If she does, she remains loyal to the political memory of her guru Blair. Now safe in his coupon-clipping retirement, Tony cynically admits that he imported millions of Muslims on purpose, to smash the traditional voting base of the Tories.

In other words, he was prepared to destroy Britain, debauch her whole history and rip the traditional social and cultural fabric to tatters to improve Labour’s electoral chances. If achieving that worthy goal meant turning a great, formerly Christian country into a giant kasbah, then so be it.

It’s good to see that Yvette is willing to continue her mentor’s fine tradition of demographic sabotage. Those of us who detest Blair and reject his legacy ought to transfer some of the rancour to his politically surviving acolytes.

But does that mean we should amend Yvette’s slogan to ‘No refugees are welcome’? Our answer to this question should be leavened with mercy and some sense of guilt.

There’s no doubt that many of the refugees aren’t really refugees but economic migrants. There’s even little doubt that some of them are ISIS infiltrators. But equally clear is that many of them were made homeless, stateless and hopeless by – well, us.

This is another part of Blair’s subversive legacy that ought to make us withhold snap decisions. Because, but for the criminal stupidity of Anglo-American ‘nation building’ in the Middle East, we’d have a trickle of Muslim immigrants, not a tidal wave.

It was American and British bombs followed by ‘boots on the ground’ that turned the region into a murderous chaos unfit for human habitation. Since we made that blood-filled bed, to what moral extent can we refuse to lie in it?

The dictators that our democracy-obsessed nation-builders deposed kept some sort of lid on the bubbling Islamic passions. The passions have now splashed out, scorching the region and sending a human spray over to Europe.

Hence the slogan ‘No refugees welcome’ is as bad as its opposite. We can’t just say ‘let them drown in the Mediterranean or starve to death, see if we care’.

This kind of obtuse, merciless resolve would in the long run compromise Britishness more than a generous but limited welcome would, for Christian mercy has always softened the British proclivity for rational, actuarial calculations.

Such is the principle, and it’s so easy to establish that one is amazed so few parties to the debate have managed to do so. The logistics are much harder.
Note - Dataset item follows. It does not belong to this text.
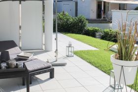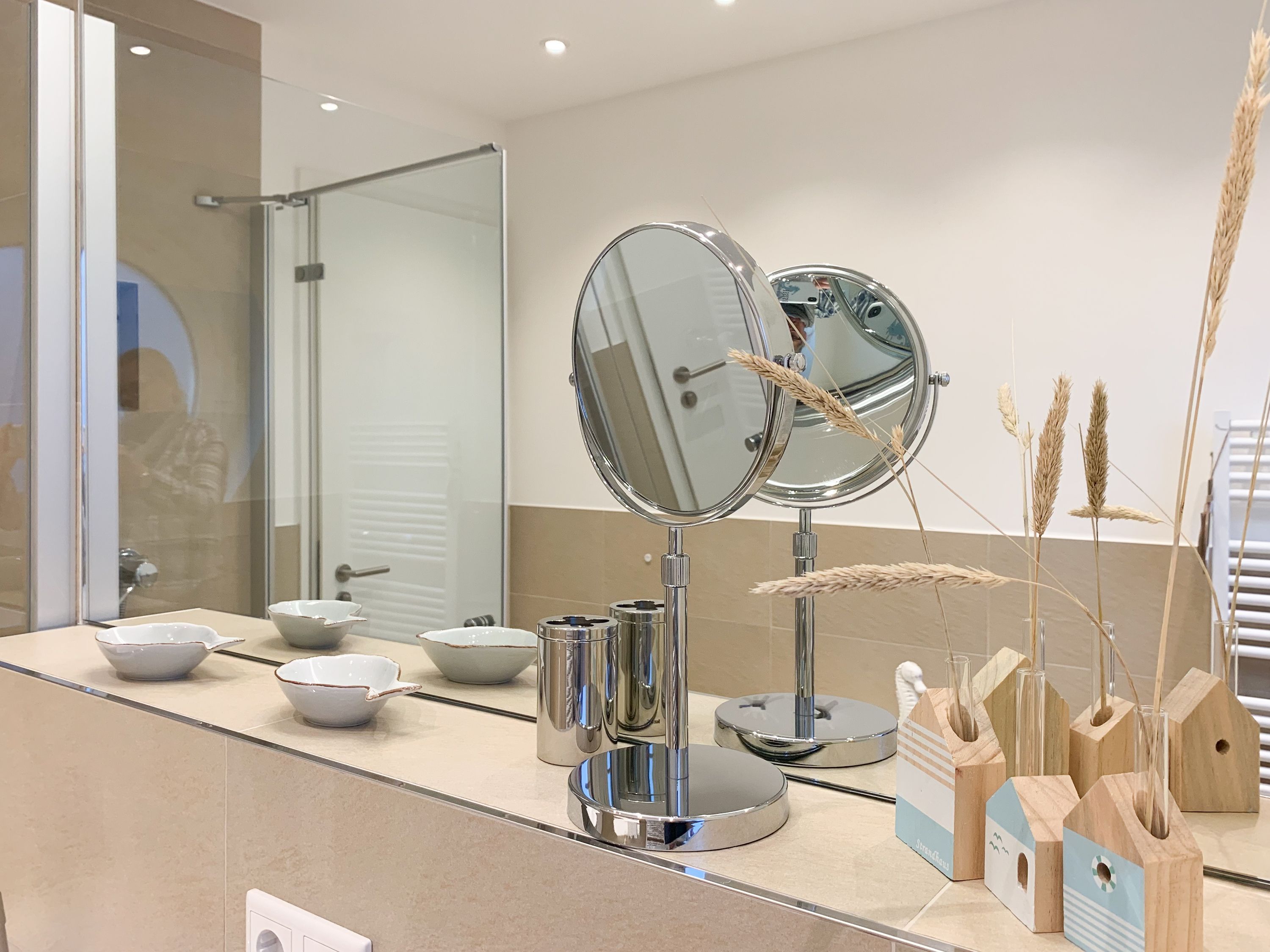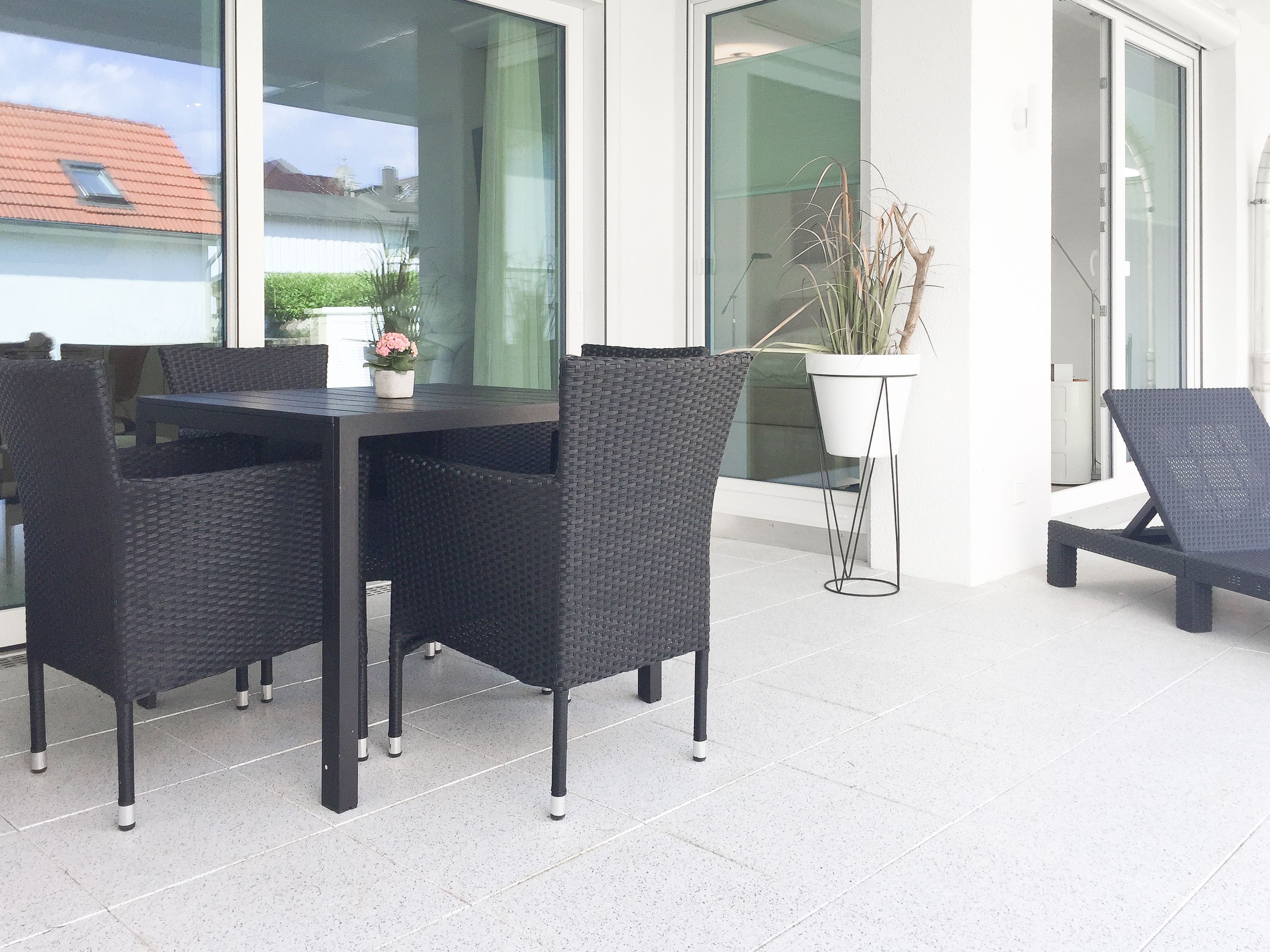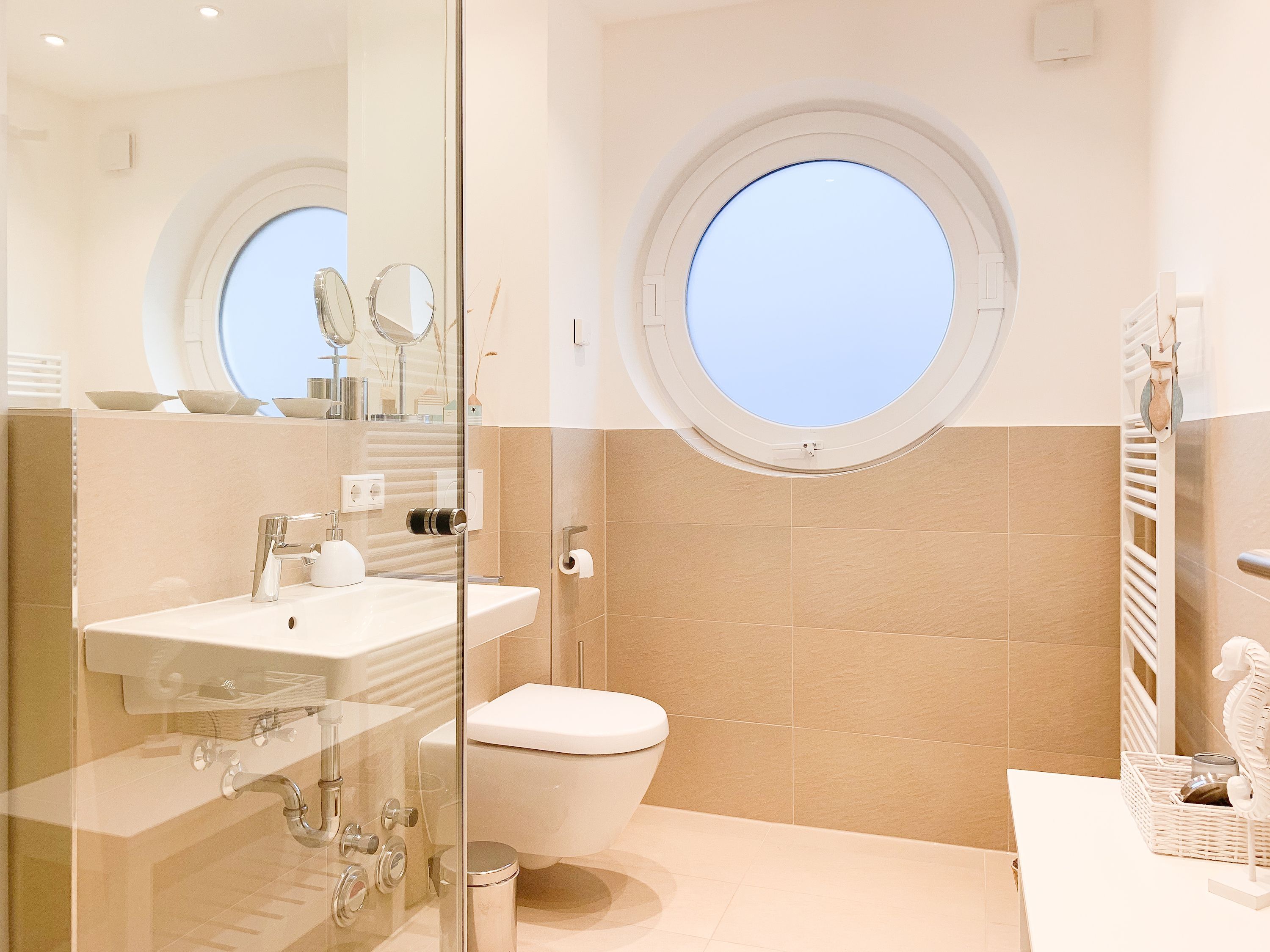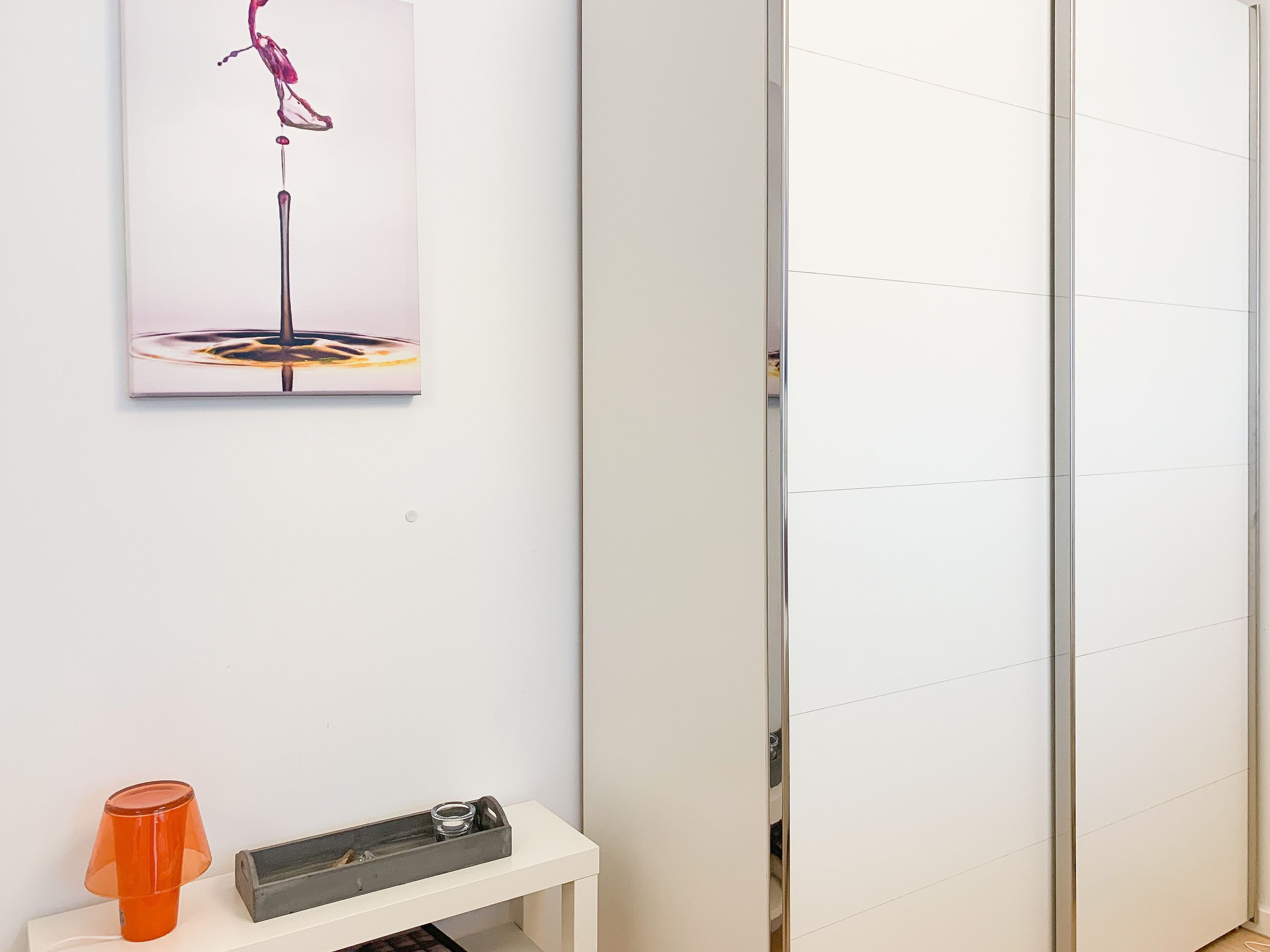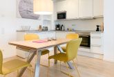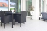 Bodentiefe Fenster, Bio-Designboden und die hochwertige Einrichtung sorgen für  eine helle und angenehme Wohnatmosphäre. Auf der überdachten Sonnenterrasse, die sich über die gesamte Breite der Wohnung erstreckt, lässt es sich vom Frühstück bis zum Abend herrlich entspannen. Die moderne Einbauküche ist bestens ausgestattet und der integrierte Essbereich bietet ausreichend Platz für 3 Personen. Der Wohnbereich mit Terrassenzugang ist mit einem Schlafsofa, Sessel, TV und WLAN ausgestattet. Das Schlafzimmer, ebenfalls mit Terrassenzugang, verfügt über ein Boxspringbett (180x200) und TV.  Alle Fenster sind mit elektrischen Außenjalousien versehen. Das hochwertige, helle Bad ist großzügig angelegt.

To invite people to our home we must have a home left to invite them to. So how generous and how limited a welcome should we extend? How do we separate the refugee wheat from the economic (or terrorist) chaff? Let’s be absolutely clear about this: without such vetting we’re back to Yvetting, an accelerated national suicide.
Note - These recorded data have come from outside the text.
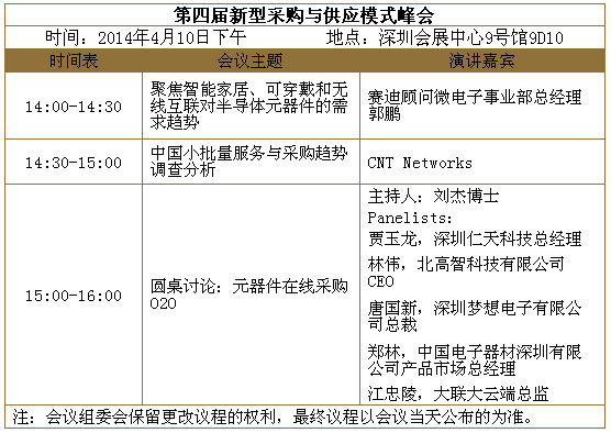 此次峰会旨在帮助供需双方的经理人了解热点市场带来的对半导体元器件的需求变化,中国小批量供应服务与采购趋势。圆桌讨论将针对采购和供应中的热点话题,中国电子分销商联盟秘书长刘杰博士与行业领先的国内和国际分销商总裁和总监们逐一分享思路,欢迎参与互动。参会可以通过网上或微信(关注我爱方案网),报名注册:www.5r3h.cn/seminar/95/agenda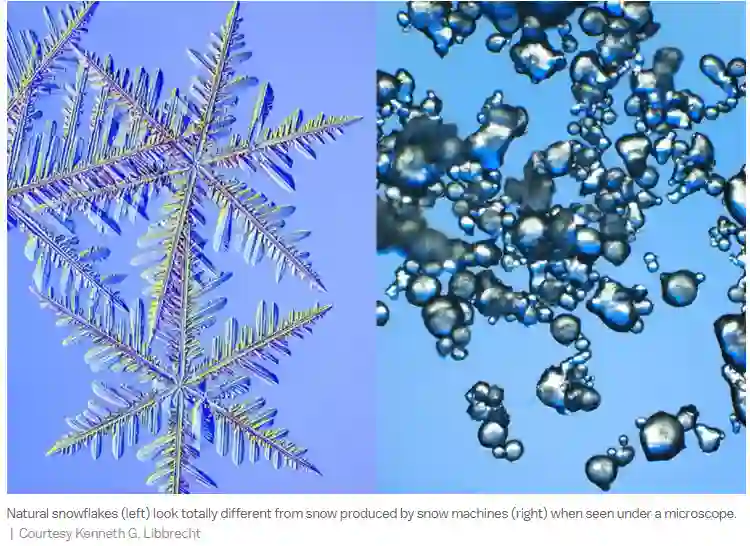 物理学家 Ken Libbrecht 在接受Vox采访时说,自然降雪在开始结晶时是只有几微米宽的一个小水滴,它像空气中的一粒灰尘一样围绕着一个核形成。雪花通常需要大约一个小时才能从内到外生长,因为它的核心吸收了周围空气中的水蒸气,形成了完美对称的六边形。机械制造的人造雪则是瞬间冻结的,不是在大气中自然生长。因此天然降雪只有 5%-10% 的冰,空气的比例占到 90%-95%。而人造雪中有近 30% 的冰和 70% 的空气,表面也更加粗糙和坚硬。这种特点可能会对运动员带来更多挑战。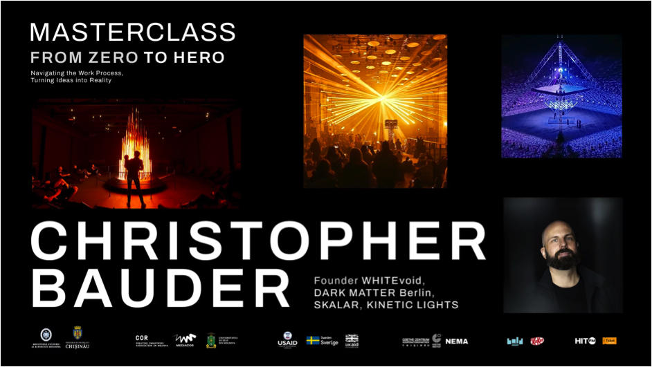 Descoperă o oportunitate de neegalat în lumea creativității! Pe 18 august, ai șansa unică să înveți de la maestrul Christopher Bauder, fondatorul la WHITEvoid, DARK MATTER Berlin, KINETIC LIGHTS, SKALAR și Deep Web.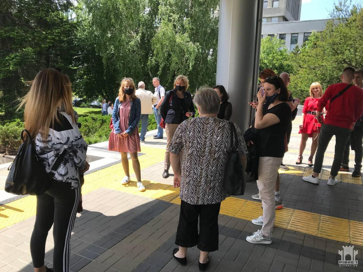 Перед позачерговою сесією Рівненської обласної ради зібралися медики. Згодом, вони зайшли в середину. Сесія триває.

The answer is, I don’t know. However, it’s obvious that some order and patience must be brought into the proceedings. There has to be one centre for all refugees to wait their turn, and no traditional DP camp would be big enough.
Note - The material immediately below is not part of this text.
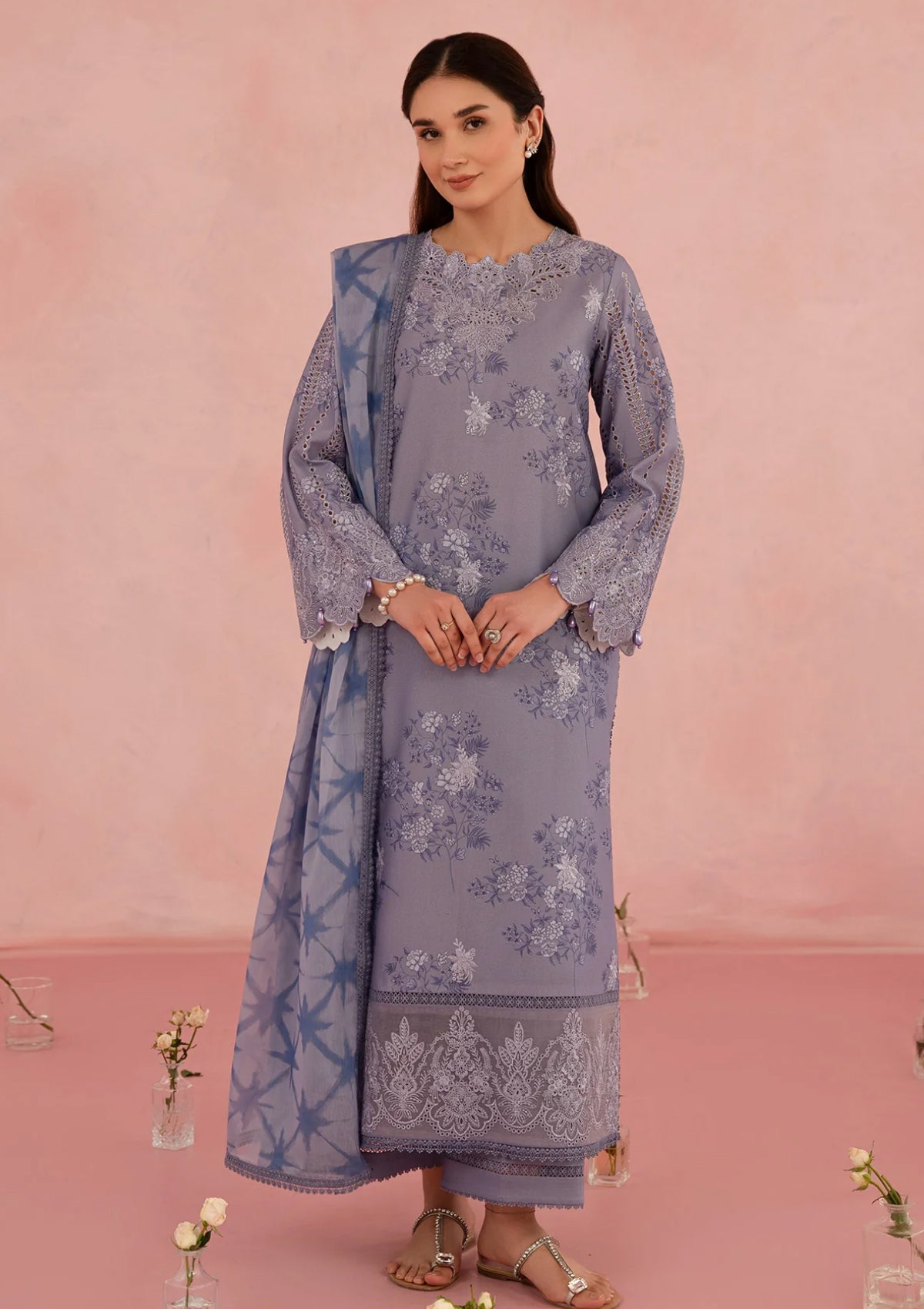 This chic grey lawn dress combines modern design with intricate craftsmanship. Featuring a printed canvas uplift, detailed embroidery, and bold sleeve patterns, it exudes contemporary elegance. The scalloped border adds a refined touch, while the plain trouser and printed chiffon dupatta complete the sophisticated look.

My earlier suggestion of using a Greek island for this purpose still holds, and this project must be financed either wholly or at least greatly by the rich Muslim states. It’s clearly within the capacity of the EU to exert pressure both on them and on the Greek government – in fact extortion is about the only thing the EU is good at.

Then each case must be considered individually, which will take months if not years. In the end we’ll accept a few thousand people in genuine need – and reject many more. And, to make sure that no further waves reach our shores, we must do all we can to repair the damage we caused to the region.

This is the price of our geopolitical folly, and we have to pay it out of decency. But we mustn’t kill ourselves out of decency – or to please wicked dunces like Yvette Cooper.